== RECORD SET ==
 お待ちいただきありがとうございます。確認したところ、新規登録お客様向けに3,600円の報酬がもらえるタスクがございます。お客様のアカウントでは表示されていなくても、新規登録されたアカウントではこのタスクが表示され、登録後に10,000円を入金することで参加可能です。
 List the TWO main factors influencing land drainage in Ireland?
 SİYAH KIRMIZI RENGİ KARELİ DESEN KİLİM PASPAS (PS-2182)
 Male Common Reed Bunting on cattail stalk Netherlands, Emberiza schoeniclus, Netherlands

* * *

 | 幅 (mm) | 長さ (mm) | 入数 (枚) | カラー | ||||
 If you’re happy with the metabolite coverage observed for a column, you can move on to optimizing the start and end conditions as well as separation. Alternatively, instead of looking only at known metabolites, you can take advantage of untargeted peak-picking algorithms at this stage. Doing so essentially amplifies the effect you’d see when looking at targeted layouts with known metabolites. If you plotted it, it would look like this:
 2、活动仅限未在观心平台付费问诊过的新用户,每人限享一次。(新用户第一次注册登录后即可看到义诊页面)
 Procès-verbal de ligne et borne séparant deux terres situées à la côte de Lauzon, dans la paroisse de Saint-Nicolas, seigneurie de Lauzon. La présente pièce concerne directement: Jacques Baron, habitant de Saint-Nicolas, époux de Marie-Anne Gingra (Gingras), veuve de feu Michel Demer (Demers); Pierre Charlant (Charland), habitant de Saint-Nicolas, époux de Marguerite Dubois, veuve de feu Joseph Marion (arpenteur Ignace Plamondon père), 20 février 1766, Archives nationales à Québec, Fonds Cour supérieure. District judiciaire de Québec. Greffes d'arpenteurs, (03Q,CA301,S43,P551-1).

== DESCRIPTION OF THE TASK ==
Retype only the stretch of lines above starting at the one with "List the TWO" and stopping at the one with "Male Common Reed", exactly as written, with both kept.

== RESPONSE AREA ==
 List the TWO main factors influencing land drainage in Ireland?
 SİYAH KIRMIZI RENGİ KARELİ DESEN KİLİM PASPAS (PS-2182)
 Male Common Reed Bunting on cattail stalk Netherlands, Emberiza schoeniclus, Netherlands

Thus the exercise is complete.